Want cannot choose but grub with needy snout
In ravenous dreams, let temperance wait on wealth.
Don’t think of her tonight . . . the very strain
Wears the will down; then in she comes by stealth.
How am I made that such a thing can trouble
My fancy for a day? Her brain’s a bubble,
Her soul, a traveller’s tale. Her every thrust
And trick I understand . . . the mould so mean,
And she the thousandth copy, comes between
My thoughts and me . . . unfrank, unfit for trust,
Yet ignorant in her cunning, a blind tool,
When nature bids her, labouring as she must.
Back to my book. Read. Read. Don’t think upon her,
Where every thought is hatred and dishonour.
I do not love her, like her, wish her well.
Is it mere lust? But lust can quench his thirst
In any water; rather, at the first,
There was one moment when I could not tell
The thing she surely is. I stood unarmed
That moment, and the stroke that moment fell.
She stood, an image lost as soon as seen,
Like beauty in a vision half-caught between
Two aimless and long-lumbering dreams of night.
The thing I seek for was not anywhere
At any time on earth. That huntress air
And morning freshness was not hers by right.
She spoke, she smiled; put out what seemed the flame,
Left me the cold charred sticks, the ashes white.
And from these sprang the dream I dare not chase,
Lest, the long hunt being over, I embrace
My shadow. (Furies wait upon that bed)
It plucks me at the elbow . . . ‘love can reach
That other soul of hers . . . charity teach
Atrophied powers once more to raise the head,
Sweet charity.’ But she can never learn;
And what am I, whose voice should wake the dead?
How could she learn, who never since her birth
Looked out of her desires and saw the earth
Unshadowed by herself. She knows that man
Has whimsies, and will talk, and take concern
With wonderings and desires that serve no turn
Of woman. She would ape, (for well she can),
The rapt disciple at her need, till mask
Was needless . . . And all ends where it began.
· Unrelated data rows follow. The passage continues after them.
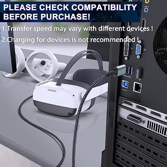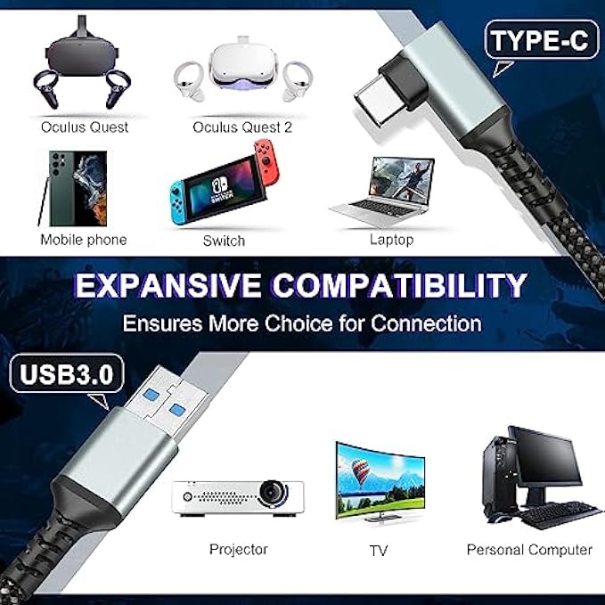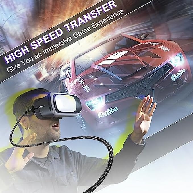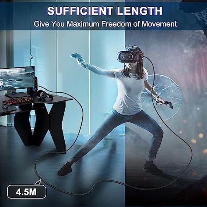 • 【Speedy Transfer and Sufficient Length】Newest USB 3.0 high-speed transfer (up to 5Gbps) brings you a smooth and wonderful game experience. Length of 4.5 meters gives you the biggest flexibility of movement during game time, you can follow the movements in VR games!(Note: Transfer speed may vary with different devices; fast charging may not work for some devices).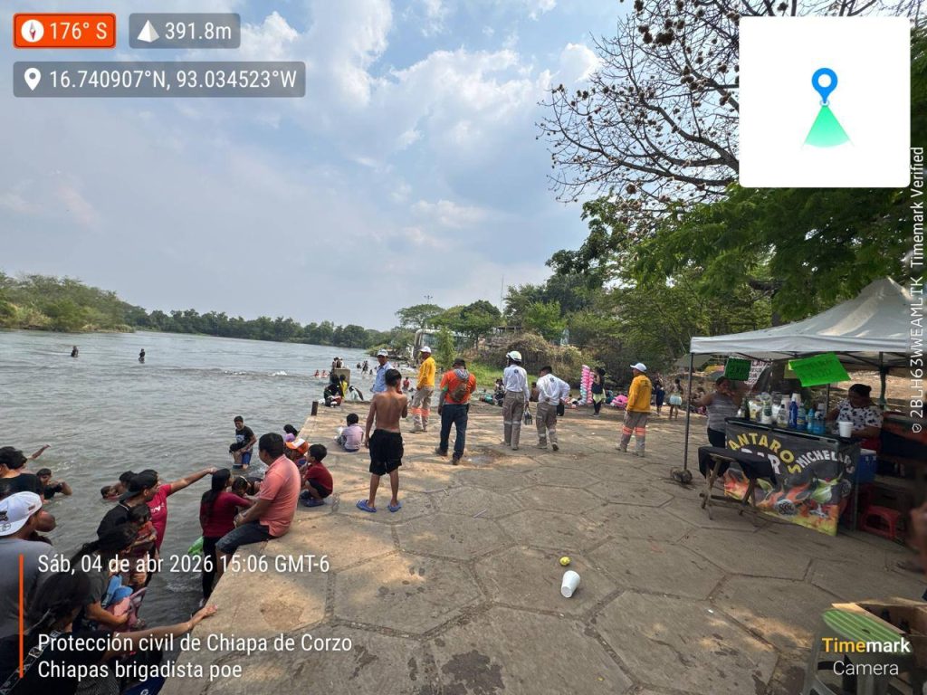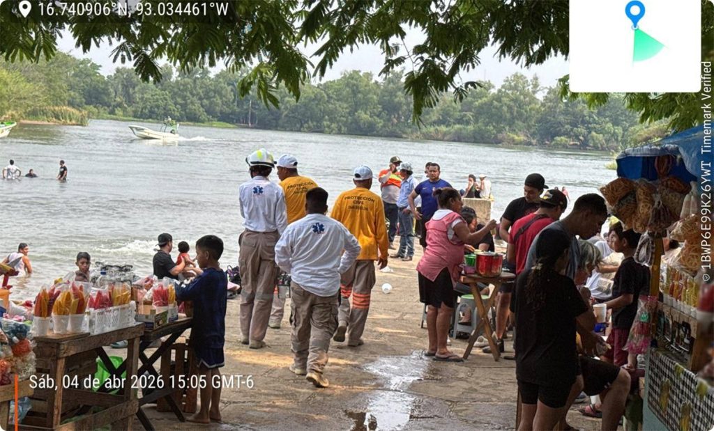 Chiapa de Corzo; 05/ABRIL/2026.- Un hombre de 28 años, identificado como Brayan Javier, falleció la tarde del sábado tras ingresar al río Grijalva en presunto estado de ebriedad. El incidente ocurrió en la zona del embarcadero del Trimarán, en Chiapa de Corzo, durante el operativo “Semana Santa Segura 2026”.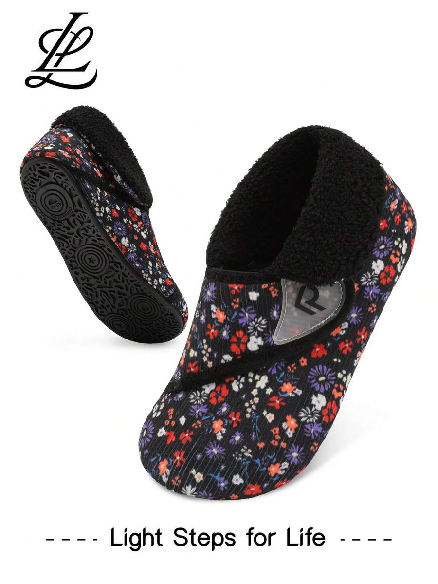Leisfit Damen weiche, flauschige, bequeme und warme Schneestiefel, verstellbare Herren- und Damen-Hausschuhe mit zwei Tragemöglichkeiten, bequem, leicht und maschinenwaschbar, mit rutschfesten Gummisohlen ausgestattet, geeignet für Innen- und Außenbereich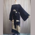 d92 3Lサイズ 着物ワンピース サッシュベルト付き 黒留袖 着物リメイク 着物ドレス マキシ丈ドレス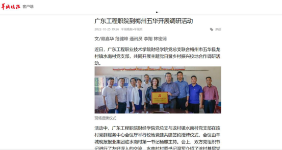 今年暑假,我院11名師生組成的“德誠(chéng)才精”暑假三下鄉(xiāng)社會(huì)實(shí)踐隊(duì)來(lái)到梅州市五華縣龍村鎮(zhèn)水南村,開(kāi)展為期6天的鄉(xiāng)村振興暑假大學(xué)生社會(huì)實(shí)踐服務(wù)活動(dòng),通過(guò)調(diào)研、直播助農(nóng)、支教、慰問(wèn)、座談等形式助力鄉(xiāng)村振興。暑假“三下鄉(xiāng)”社會(huì)實(shí)踐活動(dòng)與水南村達(dá)成了良好的合作效果,也奠定了下一步的合作意向。10月13-14日,財(cái)經(jīng)學(xué)院黨總支聯(lián)合梅州市五華縣龍村鎮(zhèn)水南村黨支部,共同開(kāi)展“喜迎黨的二十大·結(jié)對(duì)共譜鄉(xiāng)村振興新篇章”主題黨日暨鄉(xiāng)村振興校地合作調(diào)研活動(dòng),該活動(dòng)獲得《羊城晚報(bào)》報(bào)道。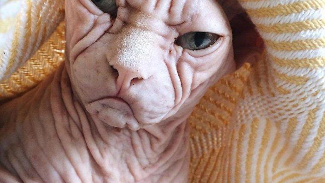 Кот по кличке Локи породы сфинкс живет с хозяевами Сарой и Брентом в Нью-Йорке.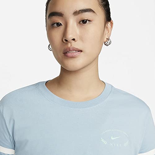 Nike Women's Polyester Regular Fit T-Shirt (DV4143-494_Worn Blue/Mint Foam/SAIL/Sesame XL)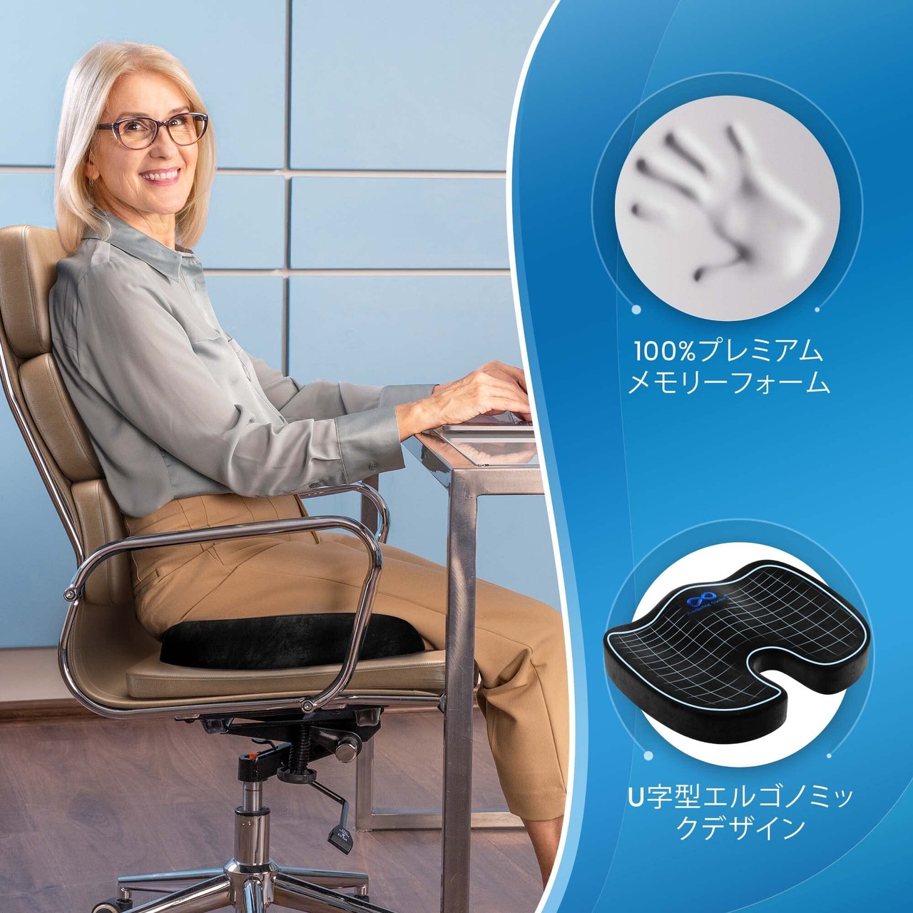 骨盤矯正クッションで姿勢サポート – 人間工学設計に基づいたU字型デザインが、骨盤を正しい位置に導き、腰や尾てい骨への負担を軽減。長時間の使用でも快適。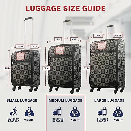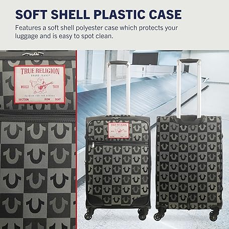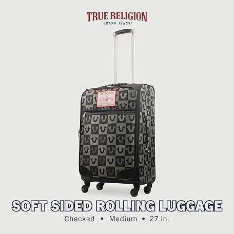 True Religion ローリングラゲッジ、スピナーホイール付きソフトサイドスーツケース付き, ブラック, 27 Inch, True Religion 27インチ ローリングラゲッジ、スピナーホイール付きソフトサイドスーツケース付き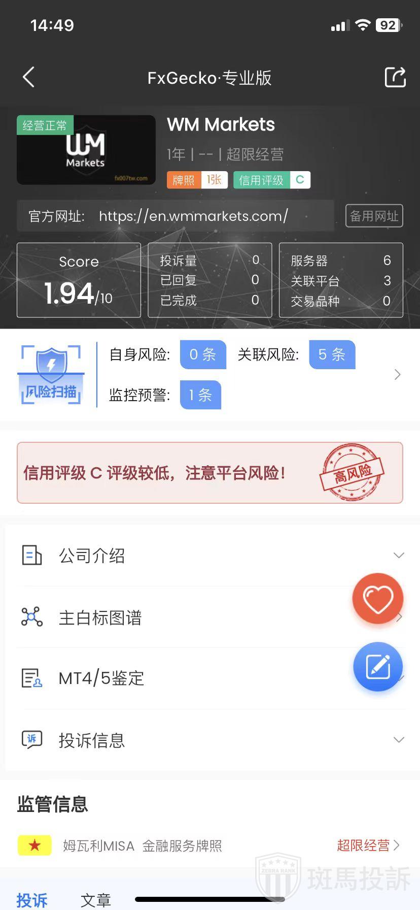 WM Markets,FxGecko评分1.94分,信用评级较低,建议投资者远离!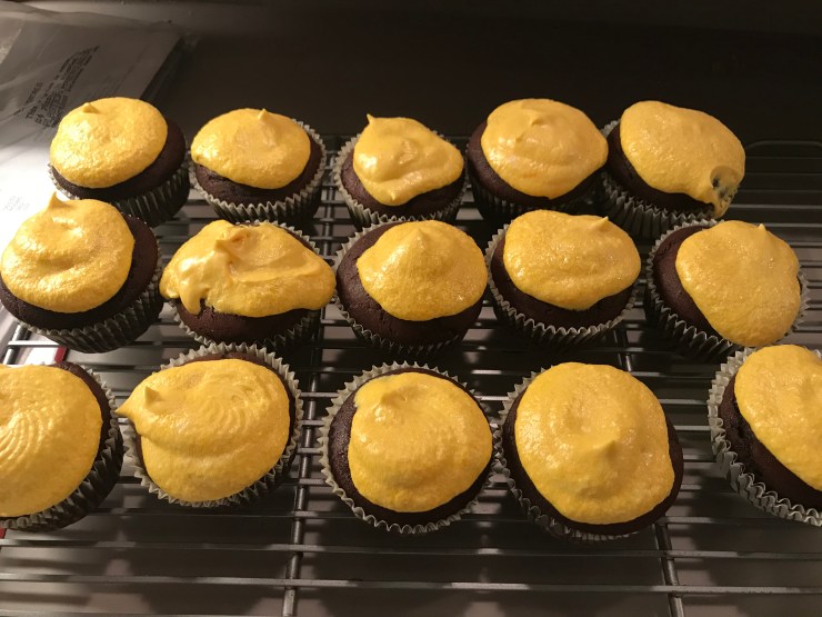 And, to be completely honest and upfront, these turned out to be the most “ugly desserts” of Ugly Desserts I’ve made in a looong time. So. Many. Issues. It was really hot in SF when I made them so the icing got a little runny and didn’t really hold its shape like I wanted it to and the orange turned, well, a color that’s not really orange.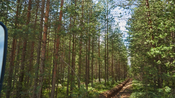 Это после Верховажья мы едем сквозь сосновый бор. Вообще ништяк, там можно почти в любом месте поставить палатку, чего я хочу сделать.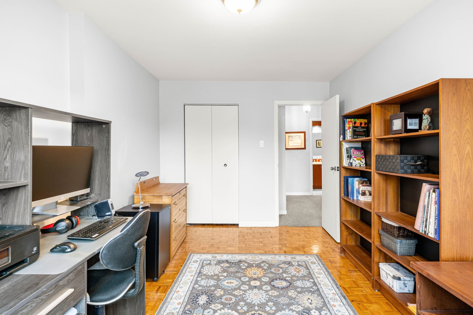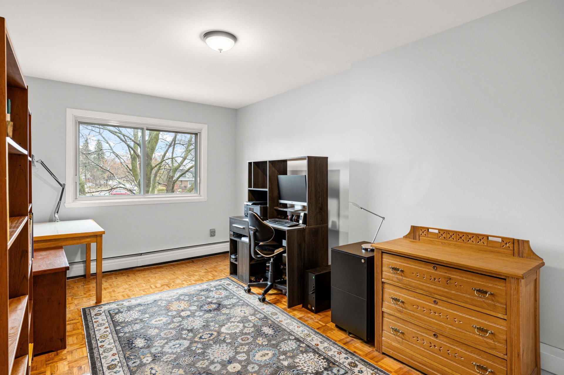 The finished basement includes a versatile bedroom that can also serve as a family room or an office, along with a workshop area, laundry area, and ample storage space.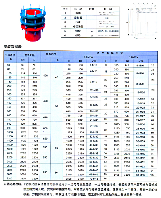 VASSJAFG型單法蘭傳力接頭CF(VSSJAFG)單法蘭傳力接頭直接與管路焊接,其作用與特點(diǎn)同C2F(VSSJAF)。該產(chǎn)品適用于一邊與法蘭連接一邊與管子連接的管路中,安裝時(shí)調(diào)節(jié)產(chǎn)品兩端與法蘭的安裝長度,對角座均勻擰緊壓蓋螺,使其成為一個整體,并有一定的位移量,方便安裝維修時(shí),根據(jù)現(xiàn)場尺寸進(jìn)行調(diào)整。在工作時(shí)可以把軸向推力傳遞至整個管道。這樣不僅提高工作效率,而且對泵設(shè)備起到一定保護(hù)作用。 產(chǎn)品規(guī)格:DN50-DN4000 材質(zhì):球墨鑄鐵(QT400-15)、鋼制(Q235) 公稱壓力:PN0.6Mpa-PN2.5MPa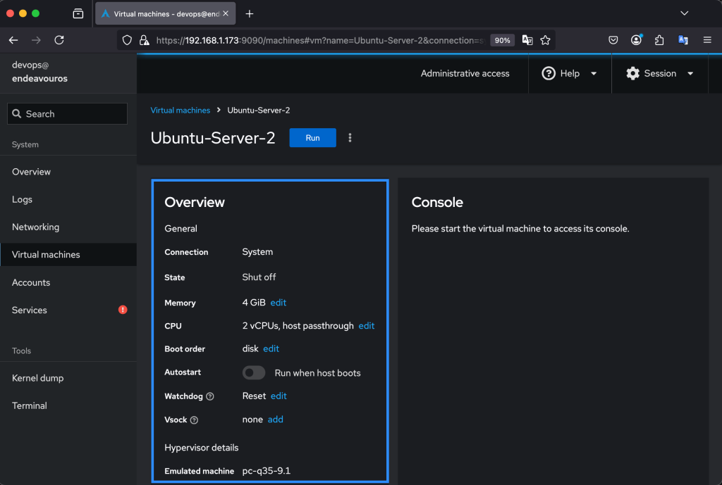 To start, stop, or reboot a VM, navigate to the Virtual Machines section and select the VM you want to control. Then click Run, Shut Down, or Reboot as needed.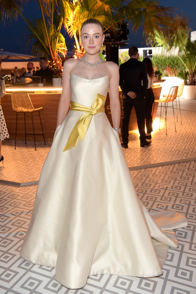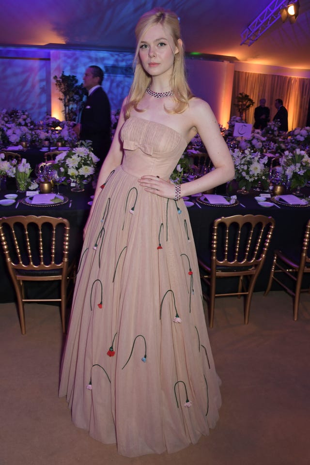 The Teen Spirit star wowed in a beige strapless Prada dress with floral detailing at the official Trophee Chopard dinner at Agora, but there was one tiny problem -- the gown was so tight, Fanning fainted!
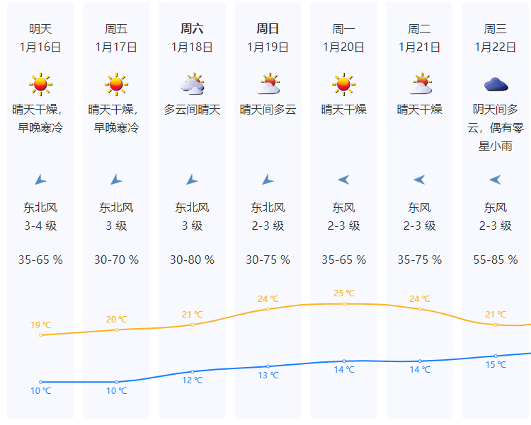 1月15日陰天轉多雲,氣温14℃—20℃,沿海、高地和海區最大陣風6—7級;1月16日—17日晴天干燥,最低氣温降至10℃左右;1月18日—20日多雲到晴天,氣温逐日回升。1月下旬中期有冷空氣影響,有1—2天寒冷天氣,間中有零星小雨。

Her holiest moods are gaudy desecrations
Of poor half holy things: her exaltations
Are frothed from music, moonlight, wine and dance;
Love is to her a dream of bridal dresses,
Friendship, a tittering hour of girl’s caresses,
Virtue, a steady purpose to advance,
Honoured, and safe, by the old well-proven roads,
No loophole left to passion or to chance.
I longed last night to make her know the truth
That none of them has told her. Flushed with youth,
Dazed with a half-hour triumph, she held the crowd.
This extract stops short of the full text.